Tuesday, November 12th, 2019 Posted by Jim Thacker

Tech focus: Modo’s new mPath render engine


Foundry has unveiled mPath, a new path tracing renderer described as a “ground-up redesign” of the default Modo renderer, capable of making use of either the CPU or Nvidia GPUs for ray tracing.

The first iteration of the renderer, which promises increased render speed, more flexible output and more advanced material properties, shipped in Modo 13.2, released late last week.

You can read more about the new features in Modo 13.2 itself in a separate story, but we thought that mPath was a big enough feature to warrant a closer look.

A GPU-capable replacement for Modo’s legacy CPU renderer
Although it’s still a work in progress, mPath is ultimately intended as a full replacement for Modo’s ageing default renderer, which was added to the software in 2006.

Whereas the default renderer is purely CPU based, mPath features a modular architecture, making it possible to build in support for a wider range of hardware.

In a livestream hosted by Modo news and training site Pixel Fondue – the recording of which is embedded above – Foundry head of rendering Allen Hastings noted that mPath is not a pure GPU renderer.

“It’s able to leverage the GPU in specific areas, like ray casting,” he commented. “But the way it has been architected allows it to be extended further.”

Support for older Nvidia GPUs, including Maxwell cards
Unlike traditional path tracers, mPath uses a non-recursive approach, in which the process of tracing camera paths is decoupled from that of shading the surfaces in the scene struck by those camera rays.

Hastings said that the approach would enable Foundry to support different hardware backends more easily, and to support separate hardware backends for ray tracing and shading.

In the initial implementation, there are two ray tracing engines: Foundry SSE, which is CPU-based, and a GPU-based alternative, using Nvidia’s OptiX framework.

Although Foundry’s press release describes mPath as providing “accelerated ray tracing via Nvidia’s RTX technology”, the implementation doesn’t actually require a current-gen RTX GPU.

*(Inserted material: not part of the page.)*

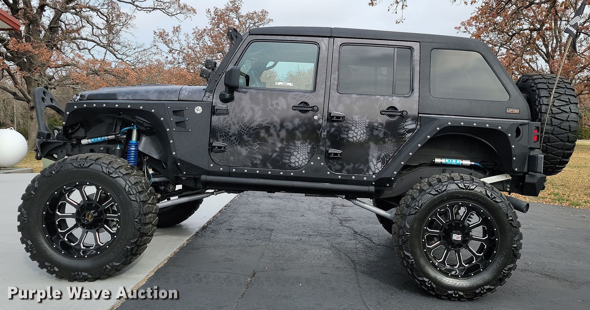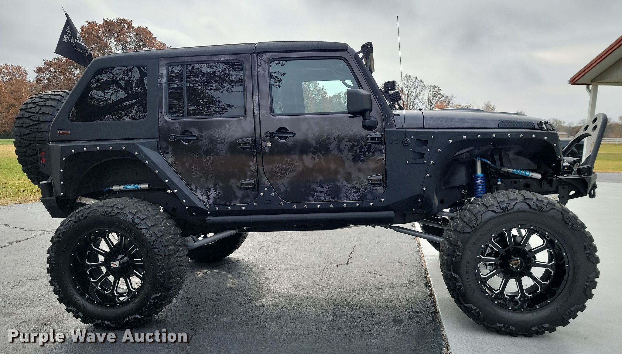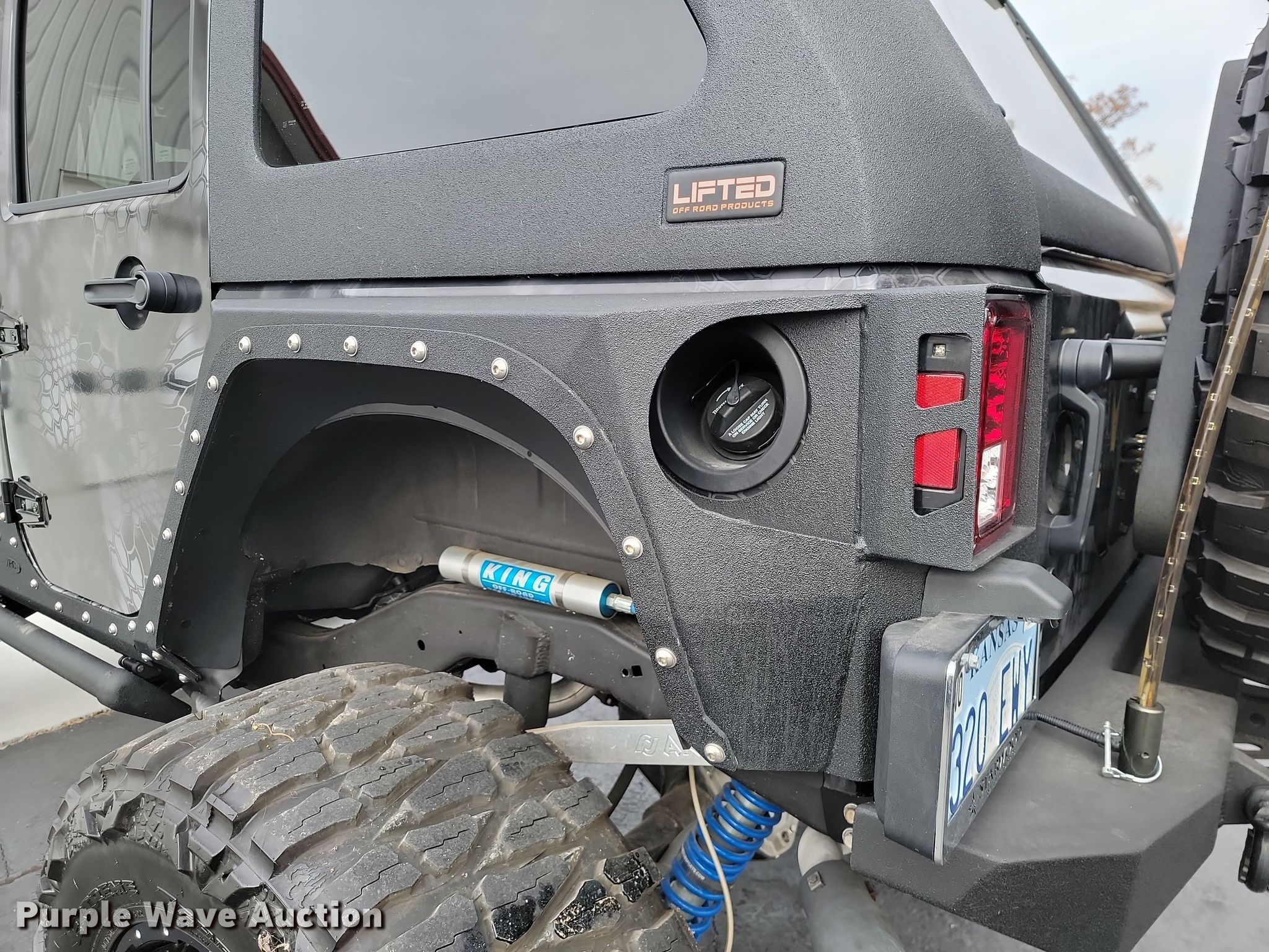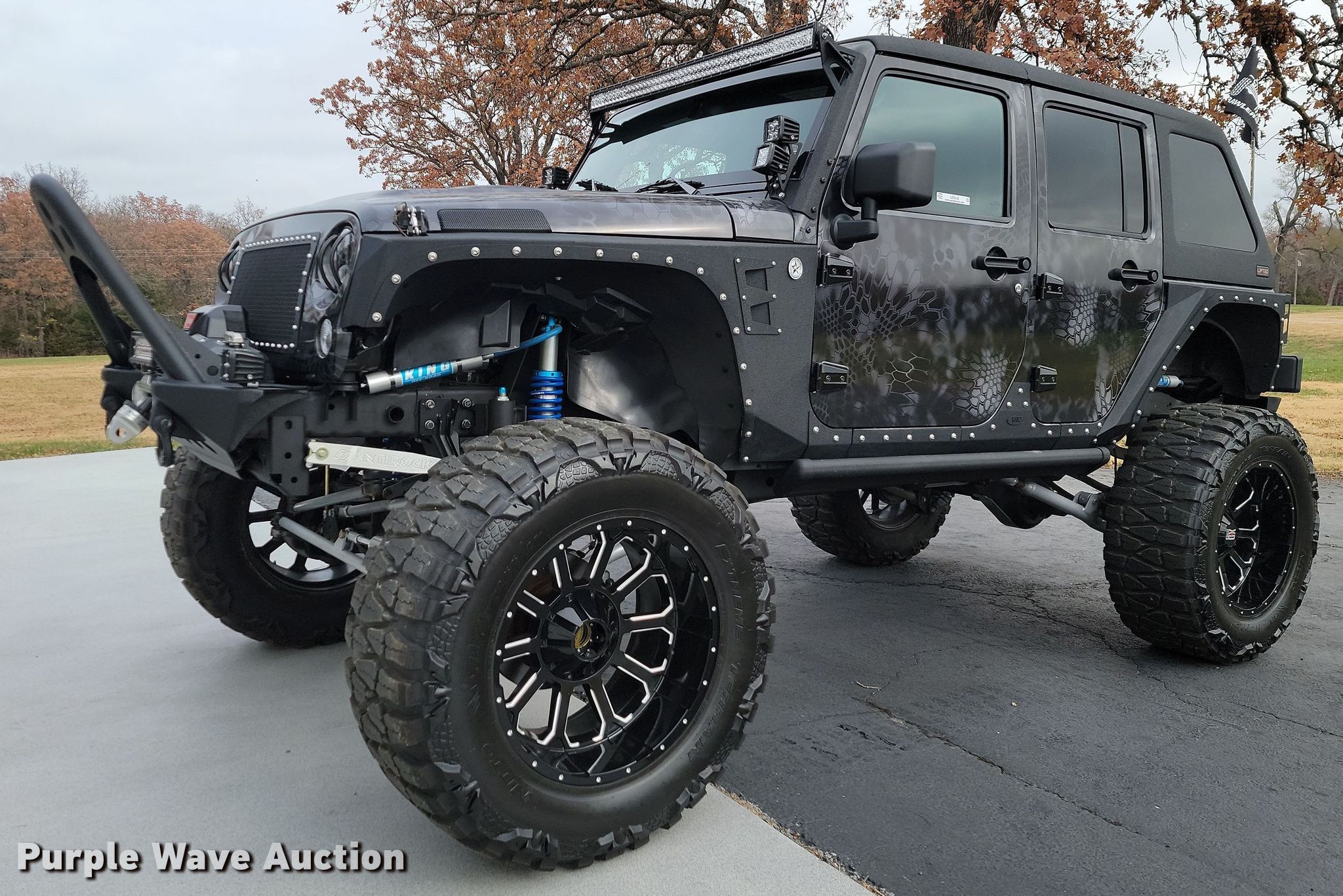 2014 Jeep Wrangler Starwood Customs SUV. Miles: 1,179 on odometer, VIN: 1C4BJWDG4EL159142. Engine Displacement: 3.6L V6 DOHC , Cylinders: 6, Fuel type: Gas. Transmission Automatic, Four wheel drive. Interior AC, heat, Power windows, power locks, Cruise control, Backup camera. Features Front and rear air lockers, Warn winch Capacity: 10,000 lbs. Tires Brand: Trail Grappler, Size: 40x15.50R22LT. View specifications. Kansas title. Title distribution may be delayed up to 14 days from verification of funds. Michael Laymon. Yates Center, KS 66783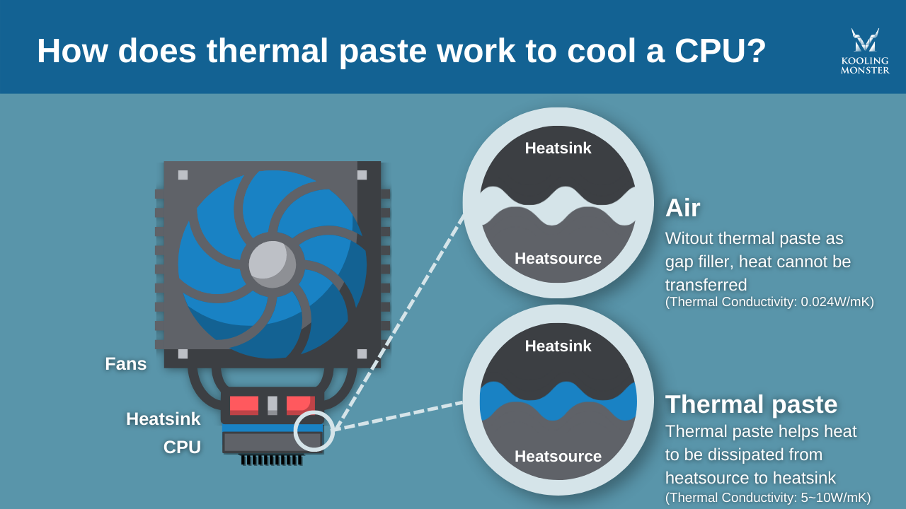 サーマルペーストは、CPU や GPU などの電子部品の冷却において重要な役割を担う不可欠な物質です。ヒートシンクとプロセッサ間の微細な隙間を埋めて熱伝導を強化し、発生した熱を効率よく逃がして最適な温度を維持できるよう、特別に設計されています。(詳しくは サーマルペーストとは何か? を参照)

In the Pixel Fondue stream, Hastings confirmed that while the renderer has “significant gains on RTX hardware”, GPU ray tracing is also supported on older Nvidia graphics cards.

That includes cards with the Maxwell architecture, rolled out in the GeForce GTX 800 series in 2014 and the Quadro M series in 2015.



So how much faster is mPath than the default Modo renderer?
The obvious advantage of mPath over its predecessor is speed: one interior test scene shown by Foundry in the Pixel Fondue livestream rendered in 100 minutes in mPath versus 360 minutes in the default renderer.

In other test scenes, the time saving was smaller: Hastings commented that the improvement is most significant in “complex scenes with lots of geometry, or … a lot of [bounced] light”.

Depth of field calculations also benefit – they take “about 50% longer” with the old default renderer – and distribution of noise is more even, which should benefit denoising workflows.

Other benefits: ease of use, flexibility of output, and more advanced material handling
Another benefit is ease of use: mPath features a much smaller set of control parameters than its predecessor, shown in the workflow video above.

As well as settings for the number of light bounces used to render the scene, there are essentially two key parameters: Noise Threshold and Maximum Quality.

The two determine where mPath focuses computational effort while rendering: in later iterations, only those parts of the image in which noise remains continue to be refined.

mPath also supports light path expressions, making it possible to split out the contributions of individual light sources to a render more flexibly.

Instead of needing to being rendered separately, light passes can now be generated in a single render: according to Foundry product designer Greg Brown, with “virtually no [computational] overhead”.

Foundry also says that the new engine handles refraction better that its predecessor with many beta testers “surprised at how much better glass looks” in renders.

Other functionality that may be added to mPath in future includes the ability to stream texture data to improve performance when rendering on the GPU, support for Open Shadling Language – mPath is “inspired by OSL syntax”, according to Hastings – and more physically based subsurface scattering.

Current limitations
However, in its initial implementation, mPath is rather more limited: the renderer currently only supports Modo’s default physical material, not the Traditional or Energy Conserving material models.

It supports all of Modo’s procedural materials and gradients, but not the Skin or Hair material, or the Principled Shader, and can not currently render volumetrics.

The initial implementation is bucket-based, which Foundry describes as having advantages for animation workflows, although fully progressive rendering with the option to stop a render at any point is planned.

Pricing and availability
Modo 13.2 is available for 64-bit Windows 10, RHEL and CentOS 7+ Linux, and macOS 10.12+. New perpetual licences of the software cost $1,799, while rental starts at $599/year.